I am trying to minimize a function that depends on only few parameters, but contains a logsumexp with many terms in the sum, i.e. a function of the form

f(x) = \log \left(\sum_{i=1}^n e^{a_i \cdot x}\right)

where where a_i, x \in \mathbb{R}^m. In my case, the number of terms n is very large, but the number of parameters m is small. Typically, I might have n \sim 10^5 and m \sim 10.

Naively putting this function into Convex.jl will result in O(n) variables and constraints being passed to the solver, which I am hoping to avoid.

Is there any way of representing this function efficiently?

Have you tried JuMP?

Could you post a minimal example? (See also Please read: make it easier to help you). It looks like one might be able to avoid ~n variables/constraints but it would be easier to figure it out with some code to work with.

2 Likes

Thanks for your replies. Here is a minimal example for a moderate number of terms:

using Convex, SCS
A = randn(1000, 10)
x = Variable(10)
problem = minimize(Convex.logsumexp(A*x))
solve!(problem, SCS.Optimizer)

This example has 10 variables and 1000 terms, and looking at the output of SCS shows that 1012 variables and 3002 constraints are passed to the solver:

problem:  variables n: 1012, constraints m: 3002
cones:    z: primal zero / dual free vars: 1
          l: linear vars: 1
          e: exp vars: 3000, dual exp vars: 0
settings: eps_abs: 1.0e-04, eps_rel: 1.0e-04, eps_infeas: 1.0e-07
          alpha: 1.50, scale: 1.00e-01, adaptive_scale: 1
          max_iters: 100000, normalize: 1, rho_x: 1.00e-06
          acceleration_lookback: 10, acceleration_interval: 10
lin-sys:  sparse-direct-amd-qdldl
          nnz(A): 13002, nnz(P): 0

I found that problems with more than 10.000 terms easily consume >20GB of memory.

It is my understanding that JuMP would require me to formulate the problem in a solver-compatible way on my own, which I am not sure how to do (with less than O(n) variables).

I found a relevant section of the docs, haven’t tried it myself though:

https://jump.dev/JuMP.jl/stable/tutorials/conic/tips_and_tricks/#Log-sum-exp

The following seems to work but it has many variables still

using JuMP, SCS

N, M = 10, 1000
A = randn(M, N)

model = Model(SCS.Optimizer)

@variable(model, x[j = 1:N])
@variable(model, y[i = 1:M])
@variable(model, u[i = 1:M])
@variable(model, t)

@objective(model, Min, t)

@constraint(model, A * x .== y)
@constraint(model, sum(u) <= 1)
@constraint(model, [i = 1:M], [y[i] - t, 1, u[i]] in MOI.ExponentialCone())

optimize!(model)
value(t)
1 Like

Thanks a lot!

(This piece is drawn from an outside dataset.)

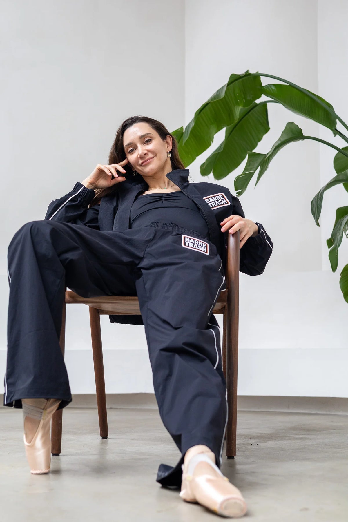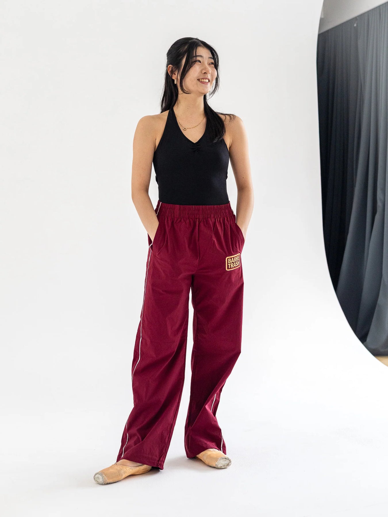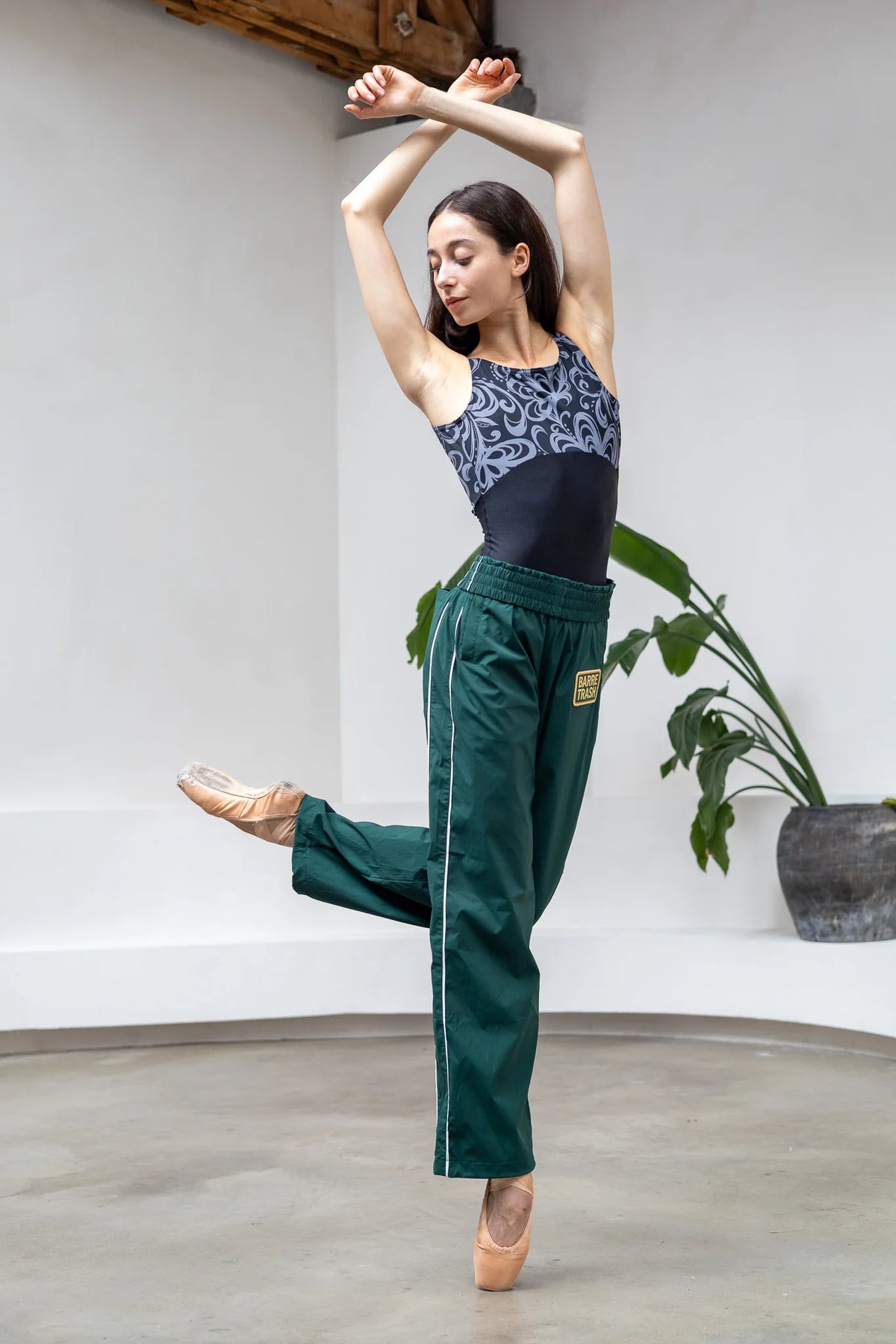 These brand new track pants are cut long: designed for grand plié.

I just tried your JuMP code with a larger number of terms and it seems to work. While this actually creates more variables and constraints than the Convex.jl version, the memory requirement is much, much lower (50000 terms seem to use ~1GB). So maybe a clever reformulation of the problem is actually not needed.

Maybe the excess memory requirement is an issue with Convex.jl (possibly related to this)?

2 Likes

More generally, Convex.jl is not actively maintained, whereas the JuMP people are extremely reactive, so betting on the latter is a good call for current projects

1 Like

You could try Convex#master. Convex has not been maintained much over the years but we merged a big refactor and Oscar (who does an amazing job maintaining tons of JuMP packages) also spent some time cleaning up Convex, fixing bugs and writing tests. Those changes haven’t made it to a release yet though.

3 Likes

The smaller JuMP formulation is:

using JuMP, SCS
N, M = 10, 1_000
A = randn(M, N)
model = Model(SCS.Optimizer)
@variable(model, x[1:N])
@variable(model, u[1:M])
@variable(model, t)
@objective(model, Min, t)
@constraint(model, sum(u) <= 1)
@constraint(model, [i in 1:M], [A[i, :]' * x - t, 1, u[i]] in MOI.ExponentialCone())
optimize!(model)
value(t)
1 Like

Do you think it changes anything in terms of performance?

Not really. It just avoids adding the y variable and constraints.